[Excerpts from a dataset]

━━━━

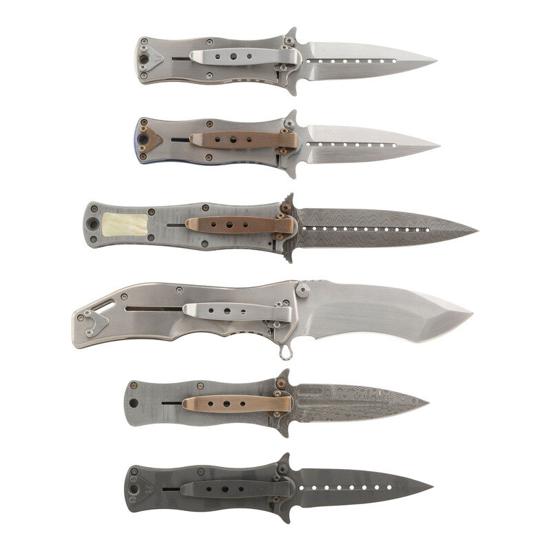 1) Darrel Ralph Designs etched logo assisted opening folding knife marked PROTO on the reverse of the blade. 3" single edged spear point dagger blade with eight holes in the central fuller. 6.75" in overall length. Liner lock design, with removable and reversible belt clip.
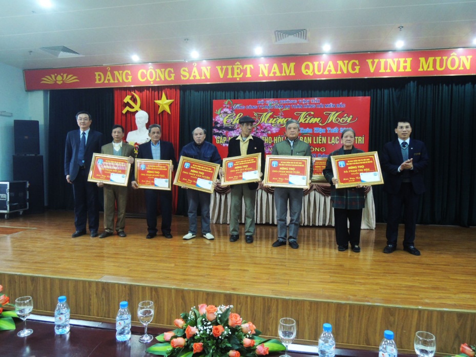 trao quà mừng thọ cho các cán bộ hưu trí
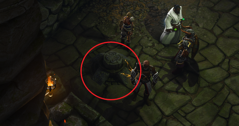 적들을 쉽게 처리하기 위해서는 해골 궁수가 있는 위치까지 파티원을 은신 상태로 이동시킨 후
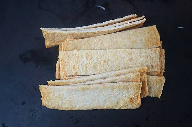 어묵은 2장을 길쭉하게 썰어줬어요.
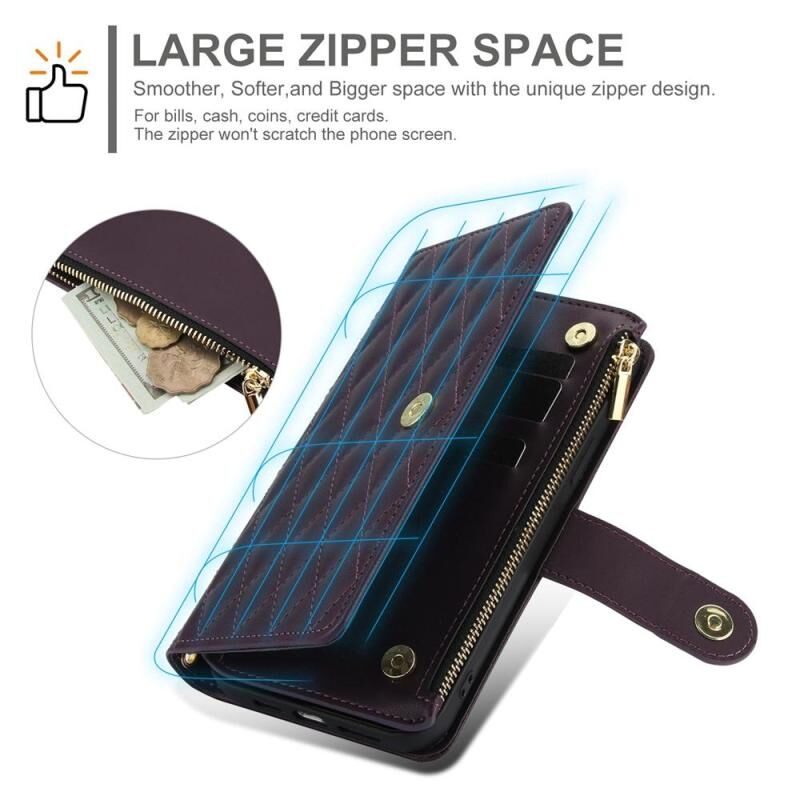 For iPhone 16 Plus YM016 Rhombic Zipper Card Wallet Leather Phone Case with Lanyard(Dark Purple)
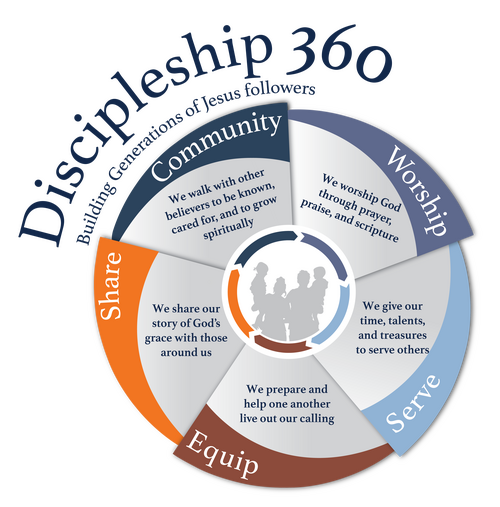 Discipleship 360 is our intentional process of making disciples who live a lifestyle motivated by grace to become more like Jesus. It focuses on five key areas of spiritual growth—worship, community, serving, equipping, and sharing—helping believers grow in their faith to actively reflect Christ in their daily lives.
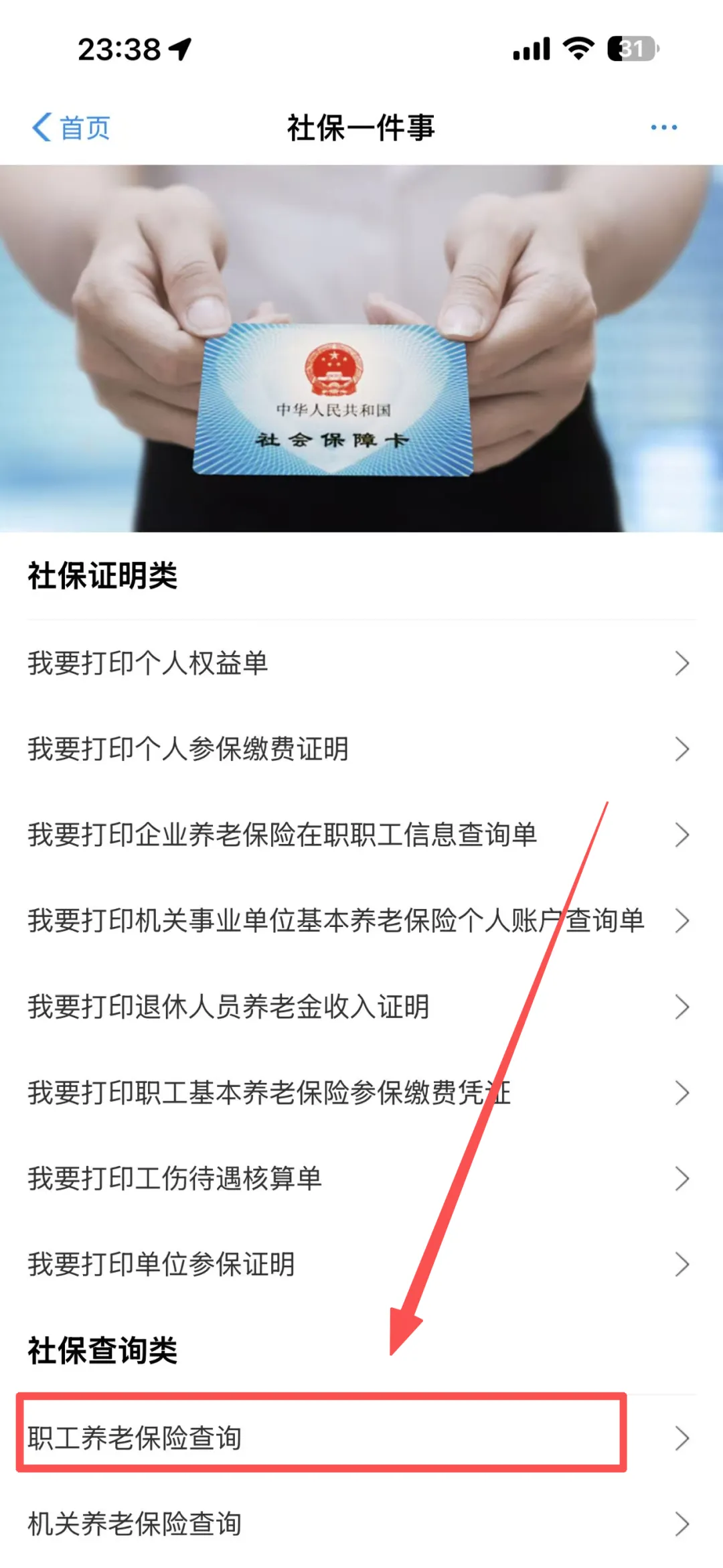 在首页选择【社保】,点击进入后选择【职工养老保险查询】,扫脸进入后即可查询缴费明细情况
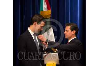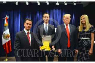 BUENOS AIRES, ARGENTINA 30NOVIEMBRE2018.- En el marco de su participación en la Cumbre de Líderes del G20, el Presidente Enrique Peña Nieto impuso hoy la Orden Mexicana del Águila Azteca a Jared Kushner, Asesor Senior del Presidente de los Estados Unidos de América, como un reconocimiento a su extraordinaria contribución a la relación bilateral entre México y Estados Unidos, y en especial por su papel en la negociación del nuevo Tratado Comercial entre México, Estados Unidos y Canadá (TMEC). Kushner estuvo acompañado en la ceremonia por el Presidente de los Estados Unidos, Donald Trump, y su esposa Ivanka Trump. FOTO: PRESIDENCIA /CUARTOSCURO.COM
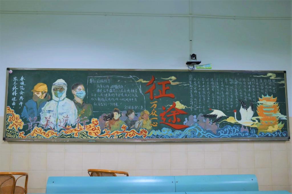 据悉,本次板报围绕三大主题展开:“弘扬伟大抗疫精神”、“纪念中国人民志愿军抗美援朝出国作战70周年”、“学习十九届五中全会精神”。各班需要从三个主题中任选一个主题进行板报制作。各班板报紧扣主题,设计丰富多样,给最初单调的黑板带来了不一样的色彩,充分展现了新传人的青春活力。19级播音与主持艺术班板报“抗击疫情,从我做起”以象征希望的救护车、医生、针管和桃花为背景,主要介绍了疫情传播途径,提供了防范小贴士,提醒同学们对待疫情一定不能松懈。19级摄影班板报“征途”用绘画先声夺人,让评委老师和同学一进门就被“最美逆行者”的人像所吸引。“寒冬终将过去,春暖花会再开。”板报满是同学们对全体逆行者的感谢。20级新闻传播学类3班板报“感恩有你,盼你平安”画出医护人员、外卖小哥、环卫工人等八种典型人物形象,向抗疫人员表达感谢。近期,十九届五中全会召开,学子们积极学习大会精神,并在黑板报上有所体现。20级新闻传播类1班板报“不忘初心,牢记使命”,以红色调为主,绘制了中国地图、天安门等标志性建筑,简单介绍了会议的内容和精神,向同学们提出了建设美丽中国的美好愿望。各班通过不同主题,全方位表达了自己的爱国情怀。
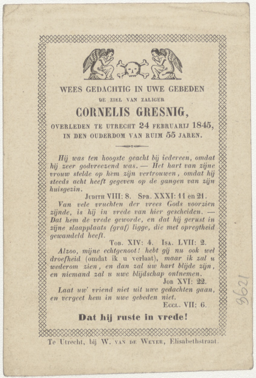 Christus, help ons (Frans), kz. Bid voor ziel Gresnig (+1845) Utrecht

━━━━

### Problem description
Repeat every line above precisely; pictures do not belong in the copy.

### Response to this task
 1) Darrel Ralph Designs etched logo assisted opening folding knife marked PROTO on the reverse of the blade. 3" single edged spear point dagger blade with eight holes in the central fuller. 6.75" in overall length. Liner lock design, with removable and reversible belt clip.
 trao quà mừng thọ cho các cán bộ hưu trí
 적들을 쉽게 처리하기 위해서는 해골 궁수가 있는 위치까지 파티원을 은신 상태로 이동시킨 후
 어묵은 2장을 길쭉하게 썰어줬어요.
 For iPhone 16 Plus YM016 Rhombic Zipper Card Wallet Leather Phone Case with Lanyard(Dark Purple)
 Discipleship 360 is our intentional process of making disciples who live a lifestyle motivated by grace to become more like Jesus. It focuses on five key areas of spiritual growth—worship, community, serving, equipping, and sharing—helping believers grow in their faith to actively reflect Christ in their daily lives.
 在首页选择【社保】,点击进入后选择【职工养老保险查询】,扫脸进入后即可查询缴费明细情况
 BUENOS AIRES, ARGENTINA 30NOVIEMBRE2018.- En el marco de su participación en la Cumbre de Líderes del G20, el Presidente Enrique Peña Nieto impuso hoy la Orden Mexicana del Águila Azteca a Jared Kushner, Asesor Senior del Presidente de los Estados Unidos de América, como un reconocimiento a su extraordinaria contribución a la relación bilateral entre México y Estados Unidos, y en especial por su papel en la negociación del nuevo Tratado Comercial entre México, Estados Unidos y Canadá (TMEC). Kushner estuvo acompañado en la ceremonia por el Presidente de los Estados Unidos, Donald Trump, y su esposa Ivanka Trump. FOTO: PRESIDENCIA /CUARTOSCURO.COM
 据悉,本次板报围绕三大主题展开:“弘扬伟大抗疫精神”、“纪念中国人民志愿军抗美援朝出国作战70周年”、“学习十九届五中全会精神”。各班需要从三个主题中任选一个主题进行板报制作。各班板报紧扣主题,设计丰富多样,给最初单调的黑板带来了不一样的色彩,充分展现了新传人的青春活力。19级播音与主持艺术班板报“抗击疫情,从我做起”以象征希望的救护车、医生、针管和桃花为背景,主要介绍了疫情传播途径,提供了防范小贴士,提醒同学们对待疫情一定不能松懈。19级摄影班板报“征途”用绘画先声夺人,让评委老师和同学一进门就被“最美逆行者”的人像所吸引。“寒冬终将过去,春暖花会再开。”板报满是同学们对全体逆行者的感谢。20级新闻传播学类3班板报“感恩有你,盼你平安”画出医护人员、外卖小哥、环卫工人等八种典型人物形象,向抗疫人员表达感谢。近期,十九届五中全会召开,学子们积极学习大会精神,并在黑板报上有所体现。20级新闻传播类1班板报“不忘初心,牢记使命”,以红色调为主,绘制了中国地图、天安门等标志性建筑,简单介绍了会议的内容和精神,向同学们提出了建设美丽中国的美好愿望。各班通过不同主题,全方位表达了自己的爱国情怀。
 Christus, help ons (Frans), kz. Bid voor ziel Gresnig (+1845) Utrecht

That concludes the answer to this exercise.